Simbiosis
Mutualisme PDIP dan Jokowi
Ikhsan Darmawan ; Dosen Departemen Ilmu Politik FISIP UI
|
TEMPO.CO,
26 Februari
2018
Partai Demokrasi Indonesia
Perjuangan (PDIP) resmi menjadi partai politik kedelapan dan mengajukan Joko
Widodo sebagai calon presiden untuk Pemilihan Umum 2019. Dalam studi ilmu
politik, perilaku PDIP mencalonkan orang yang bukan dari lingkaran dalam
partai itu dapat disebut sebagai presidentialized party.
Studi-studi mengenai
presidentialized party memberi titik tekan yang berbeda-beda.
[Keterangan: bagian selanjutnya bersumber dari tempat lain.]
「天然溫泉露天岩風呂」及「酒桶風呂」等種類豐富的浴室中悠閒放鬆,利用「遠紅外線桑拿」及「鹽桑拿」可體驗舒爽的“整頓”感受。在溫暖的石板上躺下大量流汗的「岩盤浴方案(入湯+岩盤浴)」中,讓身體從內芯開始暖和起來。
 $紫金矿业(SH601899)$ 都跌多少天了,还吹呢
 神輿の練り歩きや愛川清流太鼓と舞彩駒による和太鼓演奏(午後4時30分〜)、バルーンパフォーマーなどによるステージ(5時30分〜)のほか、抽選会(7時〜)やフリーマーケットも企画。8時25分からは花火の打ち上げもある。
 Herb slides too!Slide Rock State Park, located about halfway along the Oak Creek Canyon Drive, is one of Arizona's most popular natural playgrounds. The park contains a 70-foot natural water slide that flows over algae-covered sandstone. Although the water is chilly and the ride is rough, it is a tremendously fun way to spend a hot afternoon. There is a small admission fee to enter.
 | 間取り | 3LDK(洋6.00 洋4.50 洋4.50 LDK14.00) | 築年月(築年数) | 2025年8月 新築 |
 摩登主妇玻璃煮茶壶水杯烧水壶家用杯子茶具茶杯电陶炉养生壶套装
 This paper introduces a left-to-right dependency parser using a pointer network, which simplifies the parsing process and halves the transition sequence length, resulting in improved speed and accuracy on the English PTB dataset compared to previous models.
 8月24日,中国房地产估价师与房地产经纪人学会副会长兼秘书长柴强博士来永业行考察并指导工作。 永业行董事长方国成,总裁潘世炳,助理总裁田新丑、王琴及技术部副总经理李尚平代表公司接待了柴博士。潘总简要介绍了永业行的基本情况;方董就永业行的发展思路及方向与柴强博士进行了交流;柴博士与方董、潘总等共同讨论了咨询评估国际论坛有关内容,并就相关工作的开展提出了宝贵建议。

Samuels (2002)
tertarik pada insentif yang diterima partai politik dengan presidensialisme.
Poguntke dan Webb (2005), Shugart dan Samuels (2005), serta Ufen (2017)
berfokus pada dampak presidensialisasi terhadap perilaku partai dan elitenya.
Adapun Kawamura (2013) mempertanyakan mengapa tidak semua partai di Indonesia
mengalami presidensialisasi. Studi terbaru dari Alhamid dan Perdana (2018)
menangkap fenomena pencalonan Jokowi pada Pemilu 2014.
Pencalonan Jokowi sebagai
presiden pada 2014 bukan sesuatu yang bisa diterima dengan logika umum.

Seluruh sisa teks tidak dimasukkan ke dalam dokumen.